Information provided section start

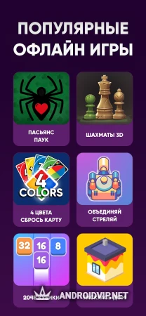Все доступные игры разделены на популярные категории и доступны без интернета. Любители пазлов и головоломок смогут весело проводить время и развивать свои умственные способности в решении увлекательных задач. Поиск предметов, 3 в ряд, пазлы, где нужно собирать картинки, как по номерам, так и просто, игры в формате 2048 и многое другое. От вас потребуется хорошая интуиция и умение принимать верные решения в сложных жизненных ситуациях. Играть можно как по дороге домой, на учебу или в транспорте, где нет стабильного подключения к интернету. Множество спортивных и гоночных симуляторов, экшенов с видом сбоку и сверху, казуальных аркад на точность и реакцию, а также увлекательные стратегии и карточные игры.
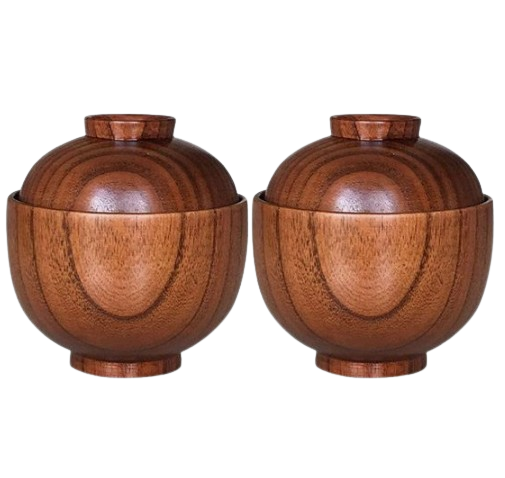 Kitchenware Handcrafted Round Mango Wood Sugar Bowl Set With Lid Home Salt and Pepper Bowl Set
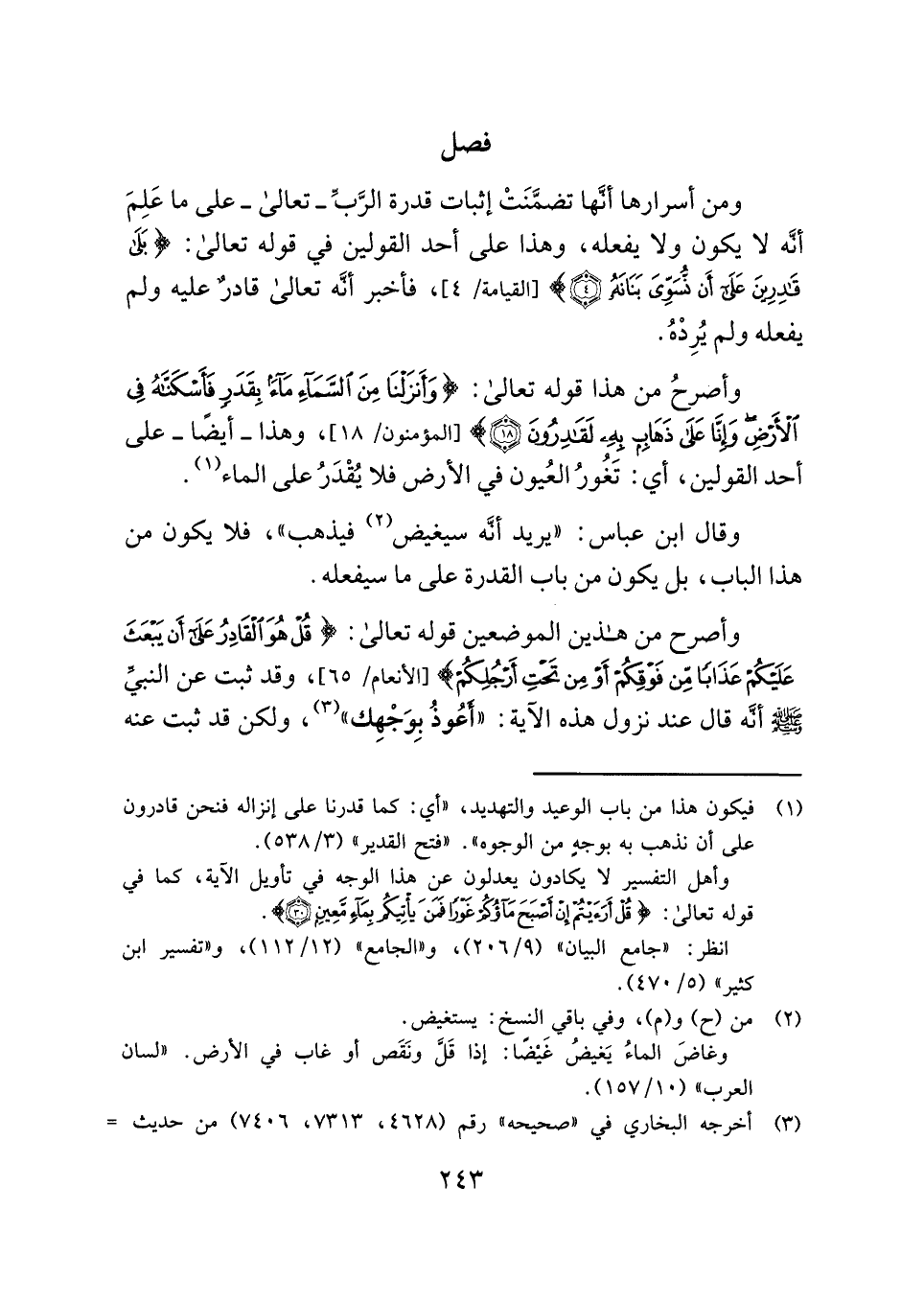 وأصرح من هذين الموضعين قوله تعالى: {قُلْ هُوَ الْقَادِرُ عَلَى أَنْ يَبْعَثَ عَلَيْكُمْ عَذَابًا مِنْ فَوْقِكُمْ أَوْ مِنْ تَحْتِ أَرْجُلِكُمْ} [الأنعام: ٦٥]، وقد ثبت عن النبيِّ - صلى الله عليه وسلم - أنَّه قال عند نزول هذه الآية: "أَعُوذُ بِوَجْهِك" (¬٣)، ولكن قد ثبت عنه
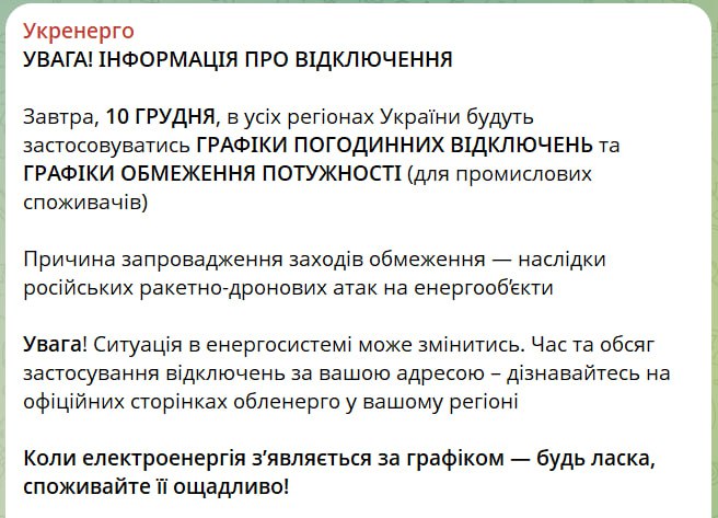 18.35 Графики отключения света завтра будут действовать по всей стране, сообщает "Укрэнерго".
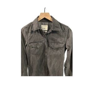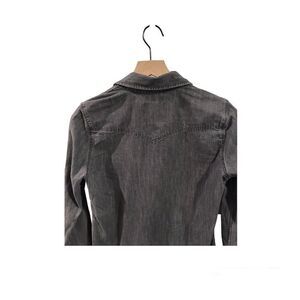 This is perfect for all year round with it's lightweight and layering option! It is a light to medium wash with a snap button down front. There are two check pockets which also have a snap closure to them. This is in very good to like new condition.
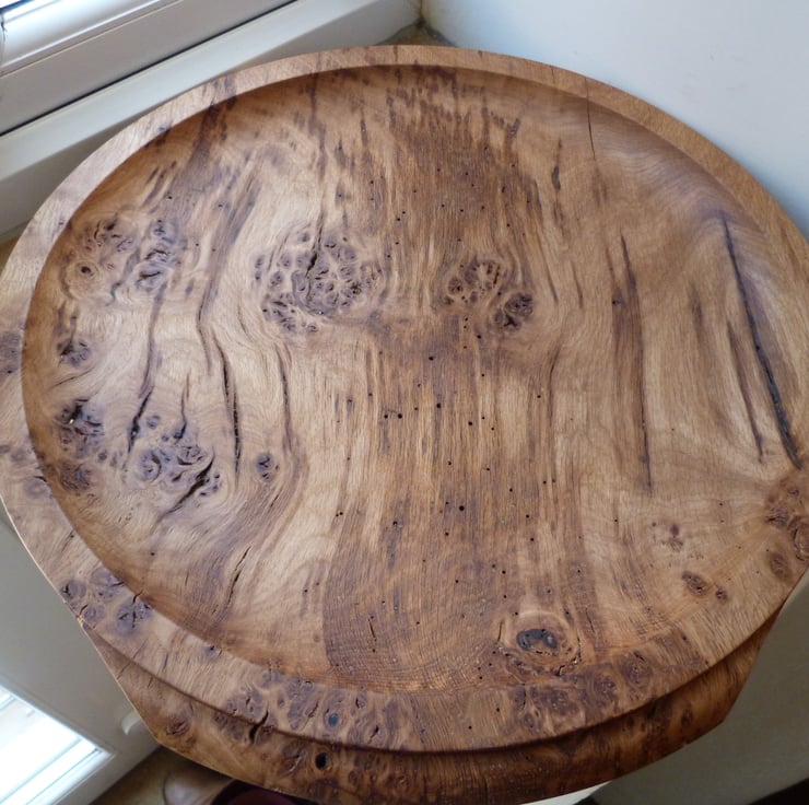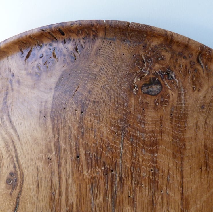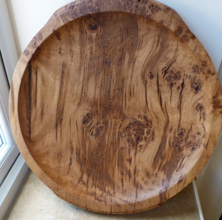 17'' WIDE TO THE OUTSIDE OF THE INTEGRAL HANDLES. I COULD HAVE DONE MORE TO THIS OLD PIECE OF BROWN OAK BURR, DECORATION AT THE RIM, A PROFIL STEP INSIDE PERHAPS. AT THE OUTSET I DID'NT WANT TO DETRACT FROM THE WOODS NATURAL BEAUTY, SO HERE IT IS. THERE ARE SIGNS OF VERY ANCIENT INSECT INFESTATION, THE WOOD HAS BEEN TREATED SEVERAL TIMES AND KEPT FOR A LONG WHILE-ALL OK FINISHED WITH ORGANIC OIL, READY FOR USE.

Information provided section end

* **To do**: An exact copy is required of the lines from the one holding "Kitchenware Handcrafted Round" to the end of the entries above, both included; no pictures belong in it.

* **Answer below**:
 Kitchenware Handcrafted Round Mango Wood Sugar Bowl Set With Lid Home Salt and Pepper Bowl Set
 وأصرح من هذين الموضعين قوله تعالى: {قُلْ هُوَ الْقَادِرُ عَلَى أَنْ يَبْعَثَ عَلَيْكُمْ عَذَابًا مِنْ فَوْقِكُمْ أَوْ مِنْ تَحْتِ أَرْجُلِكُمْ} [الأنعام: ٦٥]، وقد ثبت عن النبيِّ - صلى الله عليه وسلم - أنَّه قال عند نزول هذه الآية: "أَعُوذُ بِوَجْهِك" (¬٣)، ولكن قد ثبت عنه
 18.35 Графики отключения света завтра будут действовать по всей стране, сообщает "Укрэнерго".
 This is perfect for all year round with it's lightweight and layering option! It is a light to medium wash with a snap button down front. There are two check pockets which also have a snap closure to them. This is in very good to like new condition.
 17'' WIDE TO THE OUTSIDE OF THE INTEGRAL HANDLES. I COULD HAVE DONE MORE TO THIS OLD PIECE OF BROWN OAK BURR, DECORATION AT THE RIM, A PROFIL STEP INSIDE PERHAPS. AT THE OUTSET I DID'NT WANT TO DETRACT FROM THE WOODS NATURAL BEAUTY, SO HERE IT IS. THERE ARE SIGNS OF VERY ANCIENT INSECT INFESTATION, THE WOOD HAS BEEN TREATED SEVERAL TIMES AND KEPT FOR A LONG WHILE-ALL OK FINISHED WITH ORGANIC OIL, READY FOR USE.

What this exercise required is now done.